*** Opening Available data ***

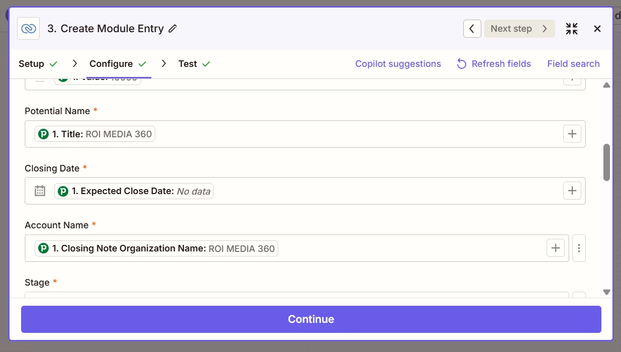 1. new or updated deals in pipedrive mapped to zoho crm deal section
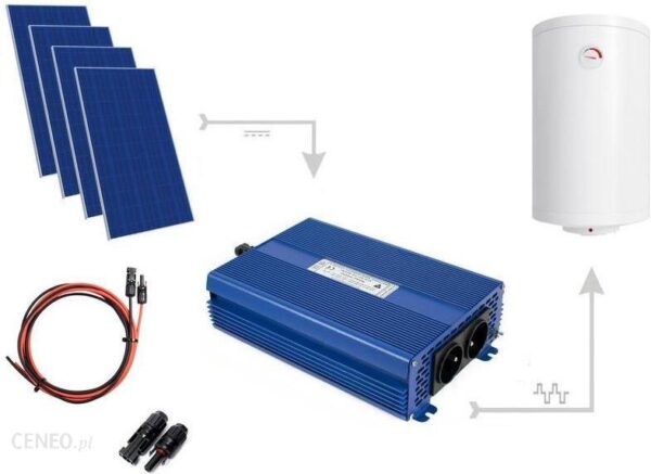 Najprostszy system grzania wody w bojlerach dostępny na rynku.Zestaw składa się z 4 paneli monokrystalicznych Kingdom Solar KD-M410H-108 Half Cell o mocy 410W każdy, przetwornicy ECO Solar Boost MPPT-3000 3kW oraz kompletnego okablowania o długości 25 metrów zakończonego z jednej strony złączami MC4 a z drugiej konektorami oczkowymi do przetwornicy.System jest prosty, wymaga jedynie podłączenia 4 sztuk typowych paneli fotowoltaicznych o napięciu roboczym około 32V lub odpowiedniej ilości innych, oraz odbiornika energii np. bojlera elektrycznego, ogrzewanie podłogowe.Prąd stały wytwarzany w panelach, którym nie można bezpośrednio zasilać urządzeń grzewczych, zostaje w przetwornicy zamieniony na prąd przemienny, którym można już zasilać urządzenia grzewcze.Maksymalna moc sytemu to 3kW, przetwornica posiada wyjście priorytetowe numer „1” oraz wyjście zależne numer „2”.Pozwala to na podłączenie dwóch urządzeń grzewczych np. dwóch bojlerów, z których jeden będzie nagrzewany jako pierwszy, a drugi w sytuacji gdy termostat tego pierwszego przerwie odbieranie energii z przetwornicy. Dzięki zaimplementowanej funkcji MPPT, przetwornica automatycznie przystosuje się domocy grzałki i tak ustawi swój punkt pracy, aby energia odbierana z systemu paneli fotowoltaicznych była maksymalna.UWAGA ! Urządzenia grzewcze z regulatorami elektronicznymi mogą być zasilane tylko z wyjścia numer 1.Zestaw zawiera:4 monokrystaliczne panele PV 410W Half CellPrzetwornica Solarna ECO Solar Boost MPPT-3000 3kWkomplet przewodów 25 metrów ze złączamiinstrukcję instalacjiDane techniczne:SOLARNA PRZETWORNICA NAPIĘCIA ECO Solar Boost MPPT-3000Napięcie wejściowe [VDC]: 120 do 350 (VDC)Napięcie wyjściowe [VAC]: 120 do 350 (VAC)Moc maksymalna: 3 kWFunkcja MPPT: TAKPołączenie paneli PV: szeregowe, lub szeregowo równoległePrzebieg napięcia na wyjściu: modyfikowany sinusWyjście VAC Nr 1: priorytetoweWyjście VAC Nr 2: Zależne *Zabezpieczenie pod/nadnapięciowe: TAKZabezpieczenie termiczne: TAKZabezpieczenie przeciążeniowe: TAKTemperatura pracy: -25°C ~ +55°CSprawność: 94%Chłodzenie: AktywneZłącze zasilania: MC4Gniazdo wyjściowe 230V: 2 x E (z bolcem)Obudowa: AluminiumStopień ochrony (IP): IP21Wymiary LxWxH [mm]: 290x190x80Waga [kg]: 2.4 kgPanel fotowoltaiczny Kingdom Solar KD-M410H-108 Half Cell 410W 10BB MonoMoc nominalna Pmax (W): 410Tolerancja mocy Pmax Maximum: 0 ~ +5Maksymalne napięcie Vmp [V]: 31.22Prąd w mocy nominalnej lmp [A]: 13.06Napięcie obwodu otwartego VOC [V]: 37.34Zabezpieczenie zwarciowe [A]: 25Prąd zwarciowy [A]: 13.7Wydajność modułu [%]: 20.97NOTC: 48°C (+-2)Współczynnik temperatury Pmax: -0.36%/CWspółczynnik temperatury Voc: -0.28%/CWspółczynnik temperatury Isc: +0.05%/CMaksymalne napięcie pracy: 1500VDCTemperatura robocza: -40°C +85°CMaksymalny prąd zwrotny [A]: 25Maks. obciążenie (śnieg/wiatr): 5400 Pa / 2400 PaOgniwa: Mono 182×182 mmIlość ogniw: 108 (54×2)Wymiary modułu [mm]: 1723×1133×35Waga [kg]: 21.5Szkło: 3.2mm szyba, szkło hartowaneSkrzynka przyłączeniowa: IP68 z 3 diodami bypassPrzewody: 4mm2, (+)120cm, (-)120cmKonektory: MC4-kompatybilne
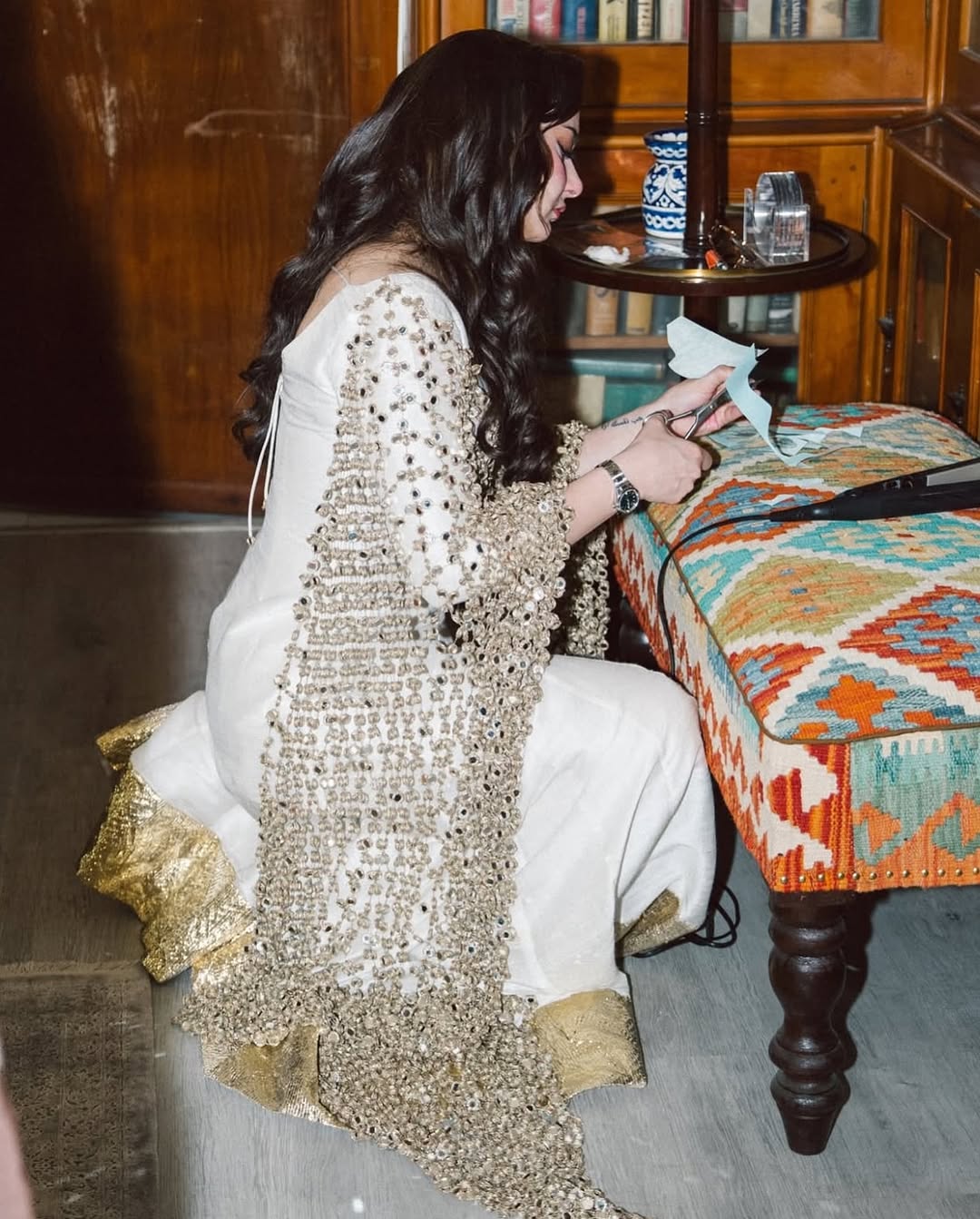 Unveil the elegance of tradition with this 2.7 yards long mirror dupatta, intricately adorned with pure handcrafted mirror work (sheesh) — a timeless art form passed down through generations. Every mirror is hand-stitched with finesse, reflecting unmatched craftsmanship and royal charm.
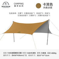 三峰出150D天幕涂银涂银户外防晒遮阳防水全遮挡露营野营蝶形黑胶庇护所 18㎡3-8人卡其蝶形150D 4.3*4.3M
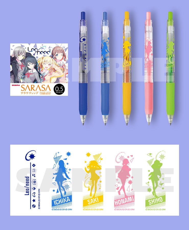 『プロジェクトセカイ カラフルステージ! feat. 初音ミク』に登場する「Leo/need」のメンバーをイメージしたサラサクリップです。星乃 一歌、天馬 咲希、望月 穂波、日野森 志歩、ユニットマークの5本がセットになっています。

*** Closing Available data ***

### Work required
Repeat the data word for word. Skip the pictures.

### Answer
 1. new or updated deals in pipedrive mapped to zoho crm deal section
 Najprostszy system grzania wody w bojlerach dostępny na rynku.Zestaw składa się z 4 paneli monokrystalicznych Kingdom Solar KD-M410H-108 Half Cell o mocy 410W każdy, przetwornicy ECO Solar Boost MPPT-3000 3kW oraz kompletnego okablowania o długości 25 metrów zakończonego z jednej strony złączami MC4 a z drugiej konektorami oczkowymi do przetwornicy.System jest prosty, wymaga jedynie podłączenia 4 sztuk typowych paneli fotowoltaicznych o napięciu roboczym około 32V lub odpowiedniej ilości innych, oraz odbiornika energii np. bojlera elektrycznego, ogrzewanie podłogowe.Prąd stały wytwarzany w panelach, którym nie można bezpośrednio zasilać urządzeń grzewczych, zostaje w przetwornicy zamieniony na prąd przemienny, którym można już zasilać urządzenia grzewcze.Maksymalna moc sytemu to 3kW, przetwornica posiada wyjście priorytetowe numer „1” oraz wyjście zależne numer „2”.Pozwala to na podłączenie dwóch urządzeń grzewczych np. dwóch bojlerów, z których jeden będzie nagrzewany jako pierwszy, a drugi w sytuacji gdy termostat tego pierwszego przerwie odbieranie energii z przetwornicy. Dzięki zaimplementowanej funkcji MPPT, przetwornica automatycznie przystosuje się domocy grzałki i tak ustawi swój punkt pracy, aby energia odbierana z systemu paneli fotowoltaicznych była maksymalna.UWAGA ! Urządzenia grzewcze z regulatorami elektronicznymi mogą być zasilane tylko z wyjścia numer 1.Zestaw zawiera:4 monokrystaliczne panele PV 410W Half CellPrzetwornica Solarna ECO Solar Boost MPPT-3000 3kWkomplet przewodów 25 metrów ze złączamiinstrukcję instalacjiDane techniczne:SOLARNA PRZETWORNICA NAPIĘCIA ECO Solar Boost MPPT-3000Napięcie wejściowe [VDC]: 120 do 350 (VDC)Napięcie wyjściowe [VAC]: 120 do 350 (VAC)Moc maksymalna: 3 kWFunkcja MPPT: TAKPołączenie paneli PV: szeregowe, lub szeregowo równoległePrzebieg napięcia na wyjściu: modyfikowany sinusWyjście VAC Nr 1: priorytetoweWyjście VAC Nr 2: Zależne *Zabezpieczenie pod/nadnapięciowe: TAKZabezpieczenie termiczne: TAKZabezpieczenie przeciążeniowe: TAKTemperatura pracy: -25°C ~ +55°CSprawność: 94%Chłodzenie: AktywneZłącze zasilania: MC4Gniazdo wyjściowe 230V: 2 x E (z bolcem)Obudowa: AluminiumStopień ochrony (IP): IP21Wymiary LxWxH [mm]: 290x190x80Waga [kg]: 2.4 kgPanel fotowoltaiczny Kingdom Solar KD-M410H-108 Half Cell 410W 10BB MonoMoc nominalna Pmax (W): 410Tolerancja mocy Pmax Maximum: 0 ~ +5Maksymalne napięcie Vmp [V]: 31.22Prąd w mocy nominalnej lmp [A]: 13.06Napięcie obwodu otwartego VOC [V]: 37.34Zabezpieczenie zwarciowe [A]: 25Prąd zwarciowy [A]: 13.7Wydajność modułu [%]: 20.97NOTC: 48°C (+-2)Współczynnik temperatury Pmax: -0.36%/CWspółczynnik temperatury Voc: -0.28%/CWspółczynnik temperatury Isc: +0.05%/CMaksymalne napięcie pracy: 1500VDCTemperatura robocza: -40°C +85°CMaksymalny prąd zwrotny [A]: 25Maks. obciążenie (śnieg/wiatr): 5400 Pa / 2400 PaOgniwa: Mono 182×182 mmIlość ogniw: 108 (54×2)Wymiary modułu [mm]: 1723×1133×35Waga [kg]: 21.5Szkło: 3.2mm szyba, szkło hartowaneSkrzynka przyłączeniowa: IP68 z 3 diodami bypassPrzewody: 4mm2, (+)120cm, (-)120cmKonektory: MC4-kompatybilne
 Unveil the elegance of tradition with this 2.7 yards long mirror dupatta, intricately adorned with pure handcrafted mirror work (sheesh) — a timeless art form passed down through generations. Every mirror is hand-stitched with finesse, reflecting unmatched craftsmanship and royal charm.
 三峰出150D天幕涂银涂银户外防晒遮阳防水全遮挡露营野营蝶形黑胶庇护所 18㎡3-8人卡其蝶形150D 4.3*4.3M
 『プロジェクトセカイ カラフルステージ! feat. 初音ミク』に登場する「Leo/need」のメンバーをイメージしたサラサクリップです。星乃 一歌、天馬 咲希、望月 穂波、日野森 志歩、ユニットマークの5本がセットになっています。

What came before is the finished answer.